Everyone laughed, and my face burned. Miss Gladys glowed more than ever before. This was, it was clearer than ever, the sort of attention she relished.

—Miss Agok was recently sent by the International Rescue Committee into southern Sudan to teach new birthing techniques to the village midwives. Now, as it happens, one of the villages she visited was called Marial Bai.

All eyes fell upon me. I was not sure how to react. My throat shrunk; I could not breathe. So this was it, this was the reason for all the mystery, the special dish from my region. But the idea of receiving any news of my home this way seemed immediately wrong. I did not want to know anything about my family in the midst of such an audience.

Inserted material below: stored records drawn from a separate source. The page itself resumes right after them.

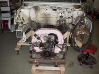 ...og endelig...etter en laaang pause har jeg nå kommet i gang igjen. Karosseriet er løftet av bunnplata og bunnplata er nå vasket og klar for demontering.
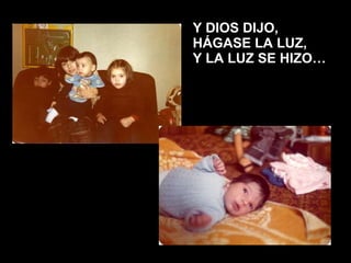 Este documento narra la creación del hombre y la mujer por Dios, y cómo cada uno se fue por su lado, unos al mar y otros a la montaña, para conquistar el mundo o vivir tranquilamente. Se menciona a una pareja llamada René y Luna a quienes Dios amaba, y cómo su historia de amor apenas comenzaba, pasando por diferentes etapas de sus vidas juntos.
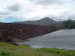 Construction of the dam commenced in 1969 and was completed in 1973. The rock and earthfill dam structure is 46.3 metres (152 ft) high and 451 metres (1,480 ft) long. The 1,620-thousand-cubic-metre (57×106 cu ft) dam wall holds back the 44,300-megalitre (9.7×109 imp gal; 1.17×1010 US gal) reservoir when at full capacity. The dam has a clearance of 10.4 metres (34 ft) above full supply level for flood mitigation purposes. This allows for a full operating level at 37,100 megalitres (8.2×109 imp gal; 9.8×109 US gal).[5] From a catchment area of 160 square kilometres (62 sq mi) that lies within the Scenic Rim at the foot of the McPherson Range, the dam creates an unnamed reservoir, with a surface area of 310 hectares (770 acres). The uncontrolled un-gated spillway has a discharge capacity of 567 cubic metres per second (20,000 cu ft/s),[1] and is situated 43.9 metres (144 ft) above the original stream bed. Initially managed by the SunWater, management of the dam was transferred to Seqwater in July 2008.
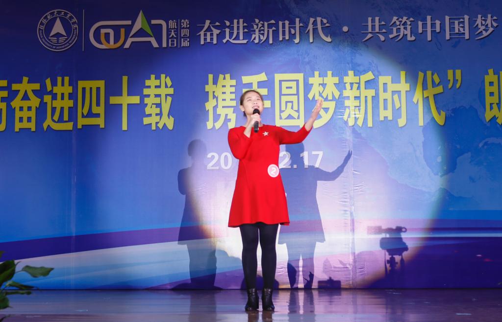 赛场上,参赛选手们进行声情并茂的精彩朗诵比拼,肖大伟选手的朗诵《成长.四十年》从经历改革开放四十周年视角,感受着改革开放带来的时代变化,因为改革开放祖国开始繁荣富强蒸,而如今一代人的老去,是站在新的历史节点上展望祖国将来更美好的明天;廉紫阳同学朗诵的《我的爸爸》则站在了一位航天父亲的女儿的角度上,读出了对自己的航天父亲的崇敬之情。
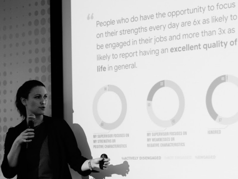 Celem warsztatu jest wzmocnienie efektywności pracy zespołu poprzez poznanie mocnych stron wszystkich osób. Warsztat prowadzony jest w oparciu o wyniki kwestionariusza CliftonStrengths Top 5 zbudowanego przez Instytut Gallup specjalizujący się w badaniach nad środowiskiem pracy.
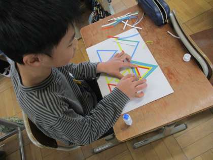 三角形を組み合わせて,模様のように仕上げた子もいました。
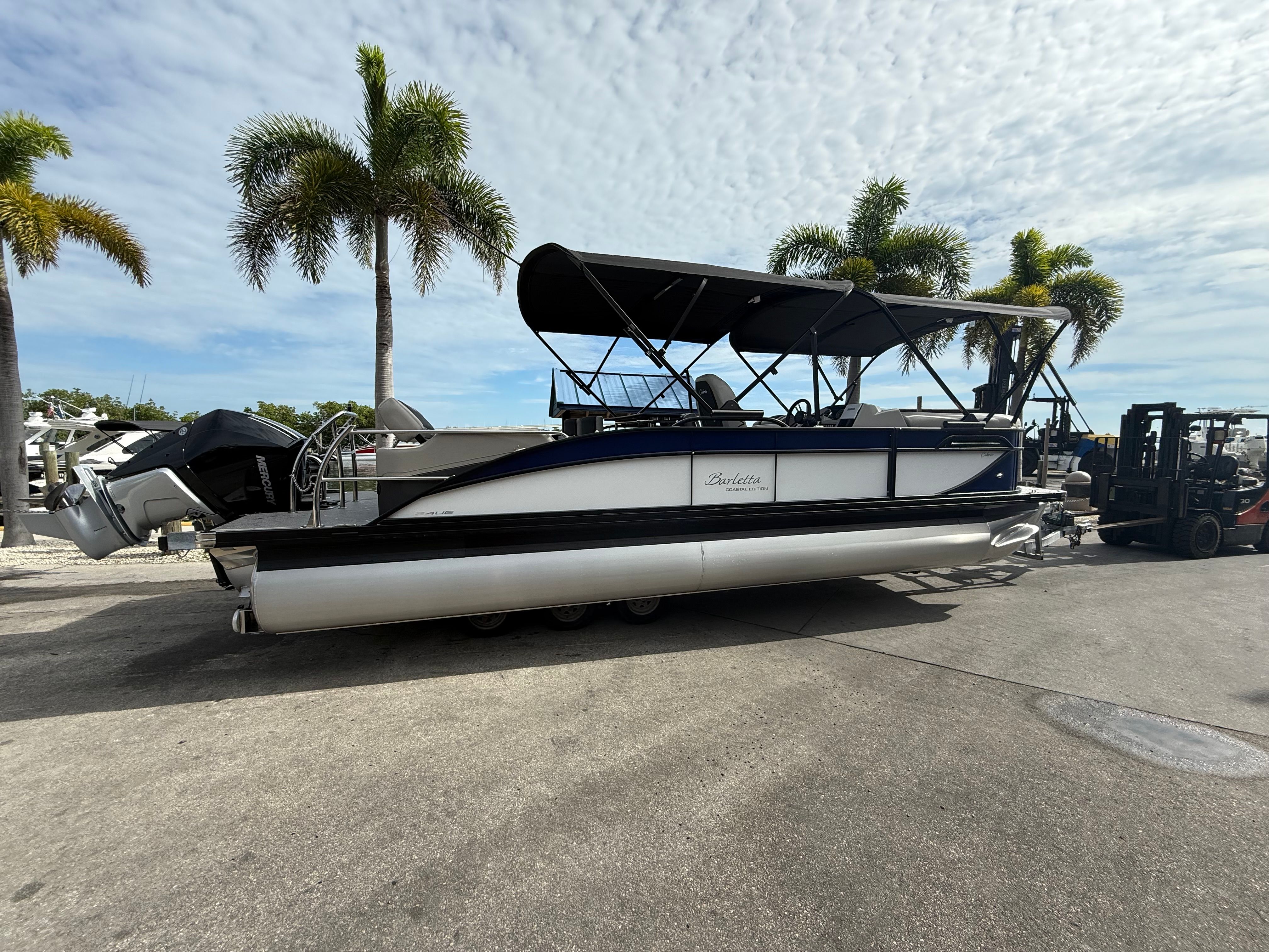 The Barletta Cabrio C24UE is packed with special features designed to elevate your time on the water. The Railskin Color in Bohemian Blue, complemented by a Winter White accent, gives the boat a sophisticated and modern look. The rig engine with a stainless steel prop ensures optimal performance and durability, while the deck mount fender basket provides convenient storage for your fenders, keeping the deck organized and clutter-free.One of the standout features is the Triple Toon Package with midship storage, offering enhanced stability and additional space for your gear. The double bimini provides generous shade, allowing you and your guests to stay cool and comfortable even on the hottest days. As part of the Coastal Edition Cabrio, this pontoon boat is built to withstand the elements, making it ideal for coastal adventures. The Amore Gray flooring is both stylish and practical, offering a non-slip surface that’s easy to clean. The exterior is finished with a stainless steel flag pole and an American flag, adding a patriotic touch to your boating experience.
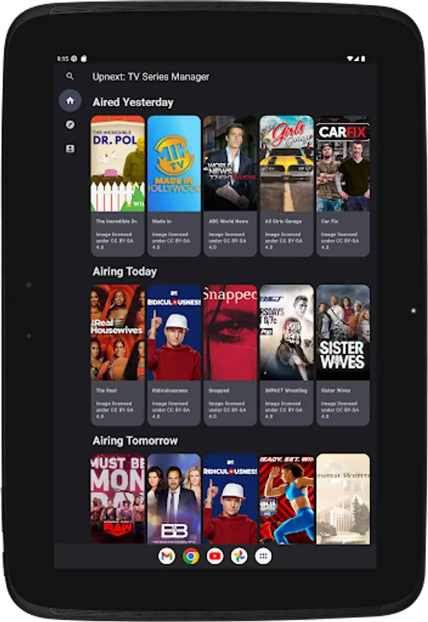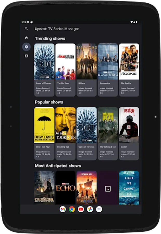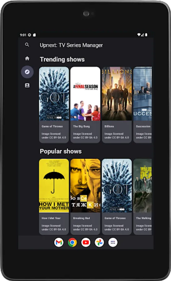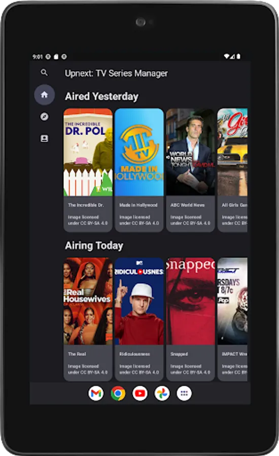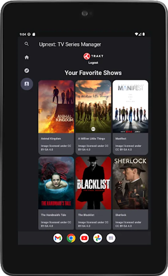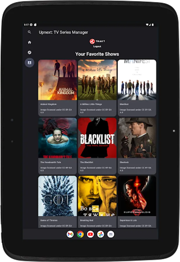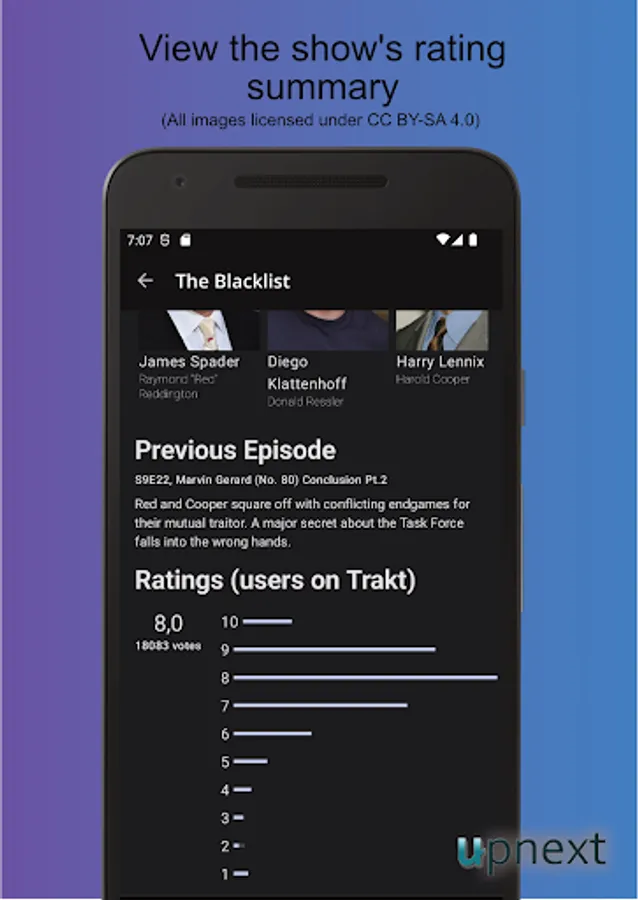 All data within the UpNext app is provided by TV Maze's API. The use of the API is licensed by Creative Commons BY-SA 4.0. All poster images/artwork for the shows are licensed under the Creative Commons BY-SA 4.0.
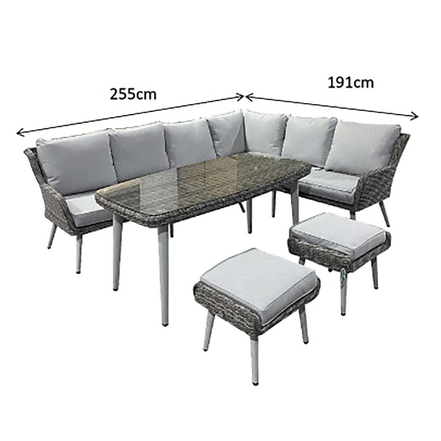 Great for socialising and dining outdoors, this Danielle Grey Rattan Corner Sofa Dining Set is perfect for any garden! Made from high quality UV treated rattan, this outdoor furniture set is finished in fine grey and complete with grey cushions. This corner sofa set will make the perfect addition in any garden corner, enabling friends and family to gather round nicely. Includes two ottomans and a glass top table. Ideal for all weather conditions.
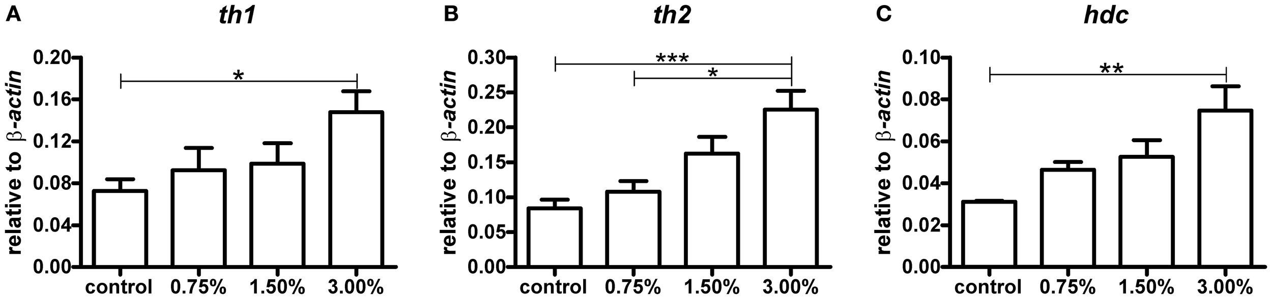 The levels of th1, th2, and hdc mRNA after a 10-min ethanol treatment. A clear dose-dependent trend can be seen for all mRNA species analysed. Statistical significance was analysed using One-Way ANOVA followed by Tukey's post-hoc test. (A)F(3, 17) = 3.439, P = 0.0405; (B)F(3, 17) = 8.489, P = 0.0011; (C)F(3, 17) = 5.515, P = 0.0079, *p < 0.05, **p < 0.01, ***p < 0.001 according to the post-hoc test. N = 6 except for the 0.75% group, for which N = 3.
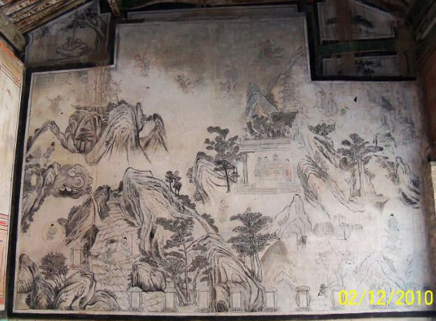 观音庙山门一间,内外双柱悬山顶,构造简单。正殿三开间(实两间),进深四椽,檐下无斗 栱。前壁稍微改建,直棂窗是旧物,门为新装。殿内梁架简洁规整,彻上露明造,三椽栿对搭牵设前槽两柱。两柱以横枋连接前角柱,横枋下设门楣,兼作内影门。 殿内三壁均有壁画残留,正壁残留较多。

Deborah would be the first person in all my years at Kakuma with accurate and recent information about Marial Bai, and my mind spun with possibilities. Did the river still flow the same way as before? Had the Arabs cleared the region of its rich pastures and trees? Did she know anything of my family? But for this to be part of the theater of the evening! It was unacceptable.

I looked for the exit. There were twelve bodies I would have to step over to make my way to the door. Leaving would require too much effort, would create a scene unbecoming to me and disrespectful of my adoptive family. I stared hard at Gop, hoping to convey my displeasure with this sort of ambush. Though the atmosphere had been buoyant thus far, it seemed perfectly possible that this Miss Agok had tragic news of my birth family, and Gop had gathered everyone I knew to lift me up after the news knocked me to the ground.